Ultimately, Errington’s team was able to reproduce Butte’s experiment, and, as was the case with most of the replications, found a smaller effect size. But like many of the replication experiments, the team had to change some of the methods – including a statistical method used to analyze the data. When the replication paper came out, Butte felt blindsided by the changes.
“They chose an additional statistical test that we did not do,” Butte said. “An independent statistician, Robert Tibshirani, one of the best in the world, commented, saying their process was incorrect. I chased down every credential of every author [on the reproduction] and there was not a single biostatistician on their team,” he added. “Is this reproducibility?”
Independent reviewers approved any modifications to the protocols before they were carried out, Errington said. They also consulted with independent quantitative scientists through the journal eLife’s peer review process on any statistical methods. Still, he acknowledged it’s possible that any modifications may have altered the replications’ results.
“Human biology is very hard, and we’re humans doing it. We’re not perfect, and it’s really tricky,” he said. “None of these replications invalidate or validate the original science. Maybe the original study is wrong — a false positive or false signal. The reverse may be true, too, and the replication is wrong. More than likely, they’re both true, and there’s something mundane about how we did the experiment that’s causing the difference.”

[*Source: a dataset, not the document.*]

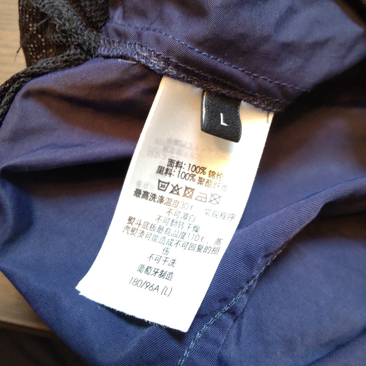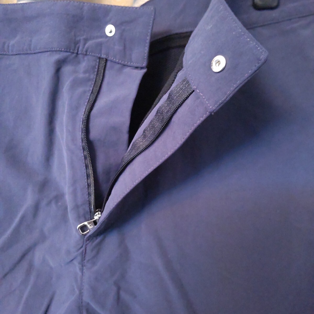 2つのサイドポケットと後ろにジツプポケット。メッシュのラインニングが内側についています。 実測: ウエスト96 股上前28.5 後38 裾幅33cm

Butte agreed, adding that procedural replication, like the kind attempted by the Center for Open Science, is important. And partly thanks to the Center for Open Science’s efforts, academic journals have made strides to prevent issues in replication from occurring again, Butte said. Because scientific articles are published in online databases, publishers like Science and Nature now allow investigators to include more detailed methods and data in long supplementary files, addressing a longtime limitation in reproducibility research. Recently, the American Association for Cancer Research announced that methods sections will no longer count towards article word lengths, so researchers can wax in depth on their protocols.
Publications are also trying to create more opportunities for scientists who are interested in reproducing experiments, which are typically harder to publish in journals. AACR recently launched a new open-access journal that will consider replication study submissions. “[Replication] won’t make a career,” Errington said. “It’s not the flashy science that people want, not a positive result, because they’re redoing something. So we need to figure out how to balance that as a culture.”

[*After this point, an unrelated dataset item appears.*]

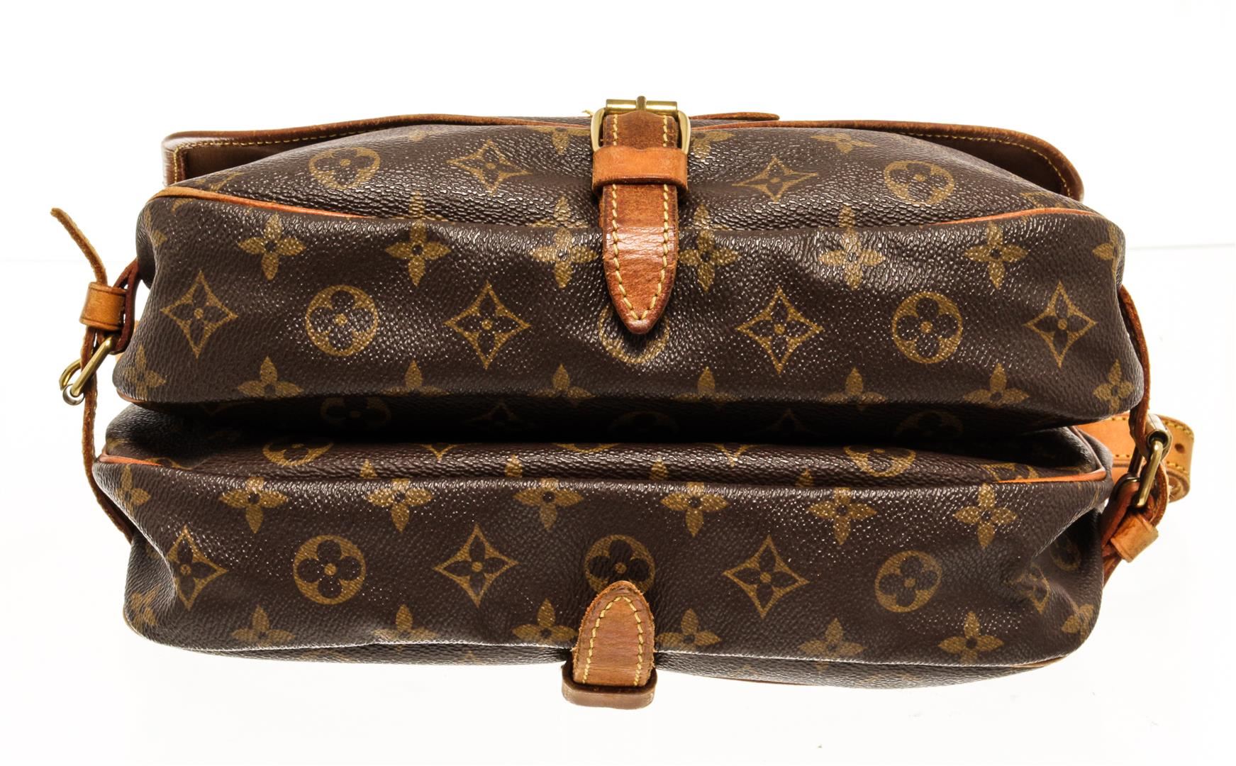One Louis Vuitton Monogram Saumur 30 Shoulder Bag. Item is sold AS-IS. All available information is listed in the description and shown in the photo. Louis Vuitton Monogram Saumur 30 shoulder bag with coated canvas exterior, brown fabric lining, contrasting vachetta leather trims and adjustable strap, flap and buckle closure, gold-tone hardware, and two main compartments, one on each side.

“There are a lot of changes since five years ago. I think you’d have to give [the Center for Open Science] credit for that,” Butte said. “There are a lot of positives here.”
But he added, it’s not everything. Rote, perfectly identical step-by-step replication can only tell you if one experiment can be done again, not whether or not the original conclusions are truly robust, Butte said. Only investigating the same idea using several, very different experiments can tell you that. “You do the exact same experiment to get the same answer,” he said. “But these are all models anyway. We use rats and mice but, to be honest with you, we don’t care about diabetes in rats or mice. So what if you get the same answer twice?”
Instead, Butte said it’d be better to have 100 different scientists testing the same idea with 100 different models — from primates to cells in Petri dishes — and see what they can agree on. “I want to see the 60% that’s in common from all our experiments, right?” he said. “That’s the real reproducibility we should be chasing.”